The Big Programming Thread - Page 877

Prev 1 875 876 877 878 879 1031 Next

Thread Rules
1. This is not a "do my homework for me" thread. If you have specific questions, ask, but don't post an assignment or homework problem and expect an exact solution.
2. No recruiting for your cockamamie projects (you won't replace facebook with 3 dudes you found on the internet and $20)
3. If you can't articulate why a language is bad, don't start slinging shit about it. Just remember that nothing is worse than making CSS IE6 compatible.
4. Use [code] tags to format code blocks.

Manit0u

Poland17243 Posts

April 26 2017 03:55 GMT

#17521

This definitely gets me closer. I'll still need to figure out some more stuff (obviously, the system is a bit more complex than that, with different queues, pipelines, engines, multiple statuses like rejected, blocked etc. and I need to scope it out properly).

Acrofales

Spain17970 Posts

April 26 2017 10:34 GMT

#17522

On April 26 2017 12:55 Manit0u wrote:
This definitely gets me closer. I'll still need to figure out some more stuff (obviously, the system is a bit more complex than that, with different queues, pipelines, engines, multiple statuses like rejected, blocked etc. and I need to scope it out properly).

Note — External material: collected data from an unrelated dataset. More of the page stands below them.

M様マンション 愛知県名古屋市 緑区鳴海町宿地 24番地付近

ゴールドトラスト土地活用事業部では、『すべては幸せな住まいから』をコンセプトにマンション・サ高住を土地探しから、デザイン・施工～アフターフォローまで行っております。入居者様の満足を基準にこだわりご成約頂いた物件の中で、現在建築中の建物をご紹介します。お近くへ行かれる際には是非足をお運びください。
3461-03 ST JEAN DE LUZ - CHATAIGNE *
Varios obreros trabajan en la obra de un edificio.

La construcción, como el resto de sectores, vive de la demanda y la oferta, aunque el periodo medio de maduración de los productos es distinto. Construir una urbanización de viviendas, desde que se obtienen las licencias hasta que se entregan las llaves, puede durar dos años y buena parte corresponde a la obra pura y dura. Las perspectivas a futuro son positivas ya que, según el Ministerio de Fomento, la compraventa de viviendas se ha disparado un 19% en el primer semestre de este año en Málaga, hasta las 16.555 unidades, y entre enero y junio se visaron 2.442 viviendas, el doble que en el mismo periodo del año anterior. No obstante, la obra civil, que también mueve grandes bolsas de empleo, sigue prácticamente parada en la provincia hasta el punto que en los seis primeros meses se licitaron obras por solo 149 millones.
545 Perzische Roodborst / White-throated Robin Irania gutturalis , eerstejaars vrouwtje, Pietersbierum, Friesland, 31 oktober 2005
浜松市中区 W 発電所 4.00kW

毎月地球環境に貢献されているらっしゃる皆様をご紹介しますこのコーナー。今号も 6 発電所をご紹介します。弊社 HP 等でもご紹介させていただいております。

If that's the case is it really worth doin in SQL?

solidbebe

Netherlands4921 Posts

April 26 2017 12:59 GMT

#17523

So I'm doing a project where we are making a system that documents and visualizes system architecture and information flow at a company (which uses 3000+ different IT systems). I'm looking for inspiration but I'm finding it very difficult to find examples of projects similar to this online. I just get flooded in UML/sequence diagrams which is obviously not helpful. Does anyone know of anything?

The idea for now is to use javascript and the D3 library to make the visualization. D3 seems very flexible and running it in the browser means we don't have to worry about different versions for OS and updating is easy. I have pretty much no experience with this kind of project so any suggestions are welcome.

Manit0u

Poland17243 Posts

April 26 2017 14:26 GMT

#17524

On April 26 2017 21:59 solidbebe wrote:
So I'm doing a project where we are making a system that documents and visualizes system architecture and information flow at a company (which uses 3000+ different IT systems). I'm looking for inspiration but I'm finding it very difficult to find examples of projects similar to this online. I just get flooded in UML/sequence diagrams which is obviously not helpful. Does anyone know of anything?

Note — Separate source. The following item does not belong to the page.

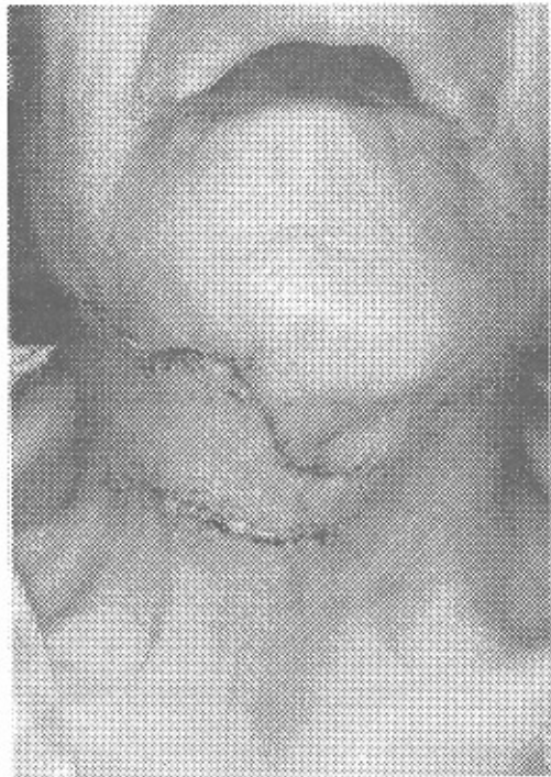
تصویر ۳: ترمیم زخم ناحیه گردن و چانه بیمار پس از درمان

می‌باشد) بیمار برای بار سوم به اطاق عمل منتقل و تحت بی‌هوشی عمومی، عمل پوشش کامل زخم ناحیه گردن و چانه توسط undermine کردن لبه‌های زخم در نواحی چانه و فوقانی دو طرف گردن و sliding flap ناحیه تحتانی گردن انجام شد. در زمان ترخیص قند خون بیمار کاملاً کنترل و به ۱۹۱ کاهش یافت. هیچ نشانه‌ای از عفونت در ناحیه مشاهده نمی‌شد و ترمیم کامل صورت گرفته بود. (تصویر شماره ۳)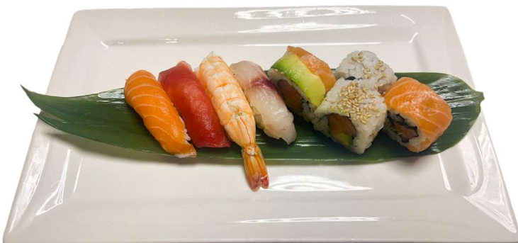
178. Sushi combo 4pz nighiri, 4pz uramaki

The idea for now is to use javascript and the D3 library to make the visualization. D3 seems very flexible and running it in the browser means we don't have to worry about different versions for OS and updating is easy. I have pretty much no experience with this kind of project so any suggestions are welcome.

I'd suggest using neo4j database for that (awesome for graphs) and then you could check facebook graph api for how they generate their output:

[image loading]

Djagulingu

Germany3605 Posts

April 26 2017 14:28 GMT

#17525

3000+? Is that real? That number is 50 times the amount of different IT systems one of the telecommunications giants in my country uses.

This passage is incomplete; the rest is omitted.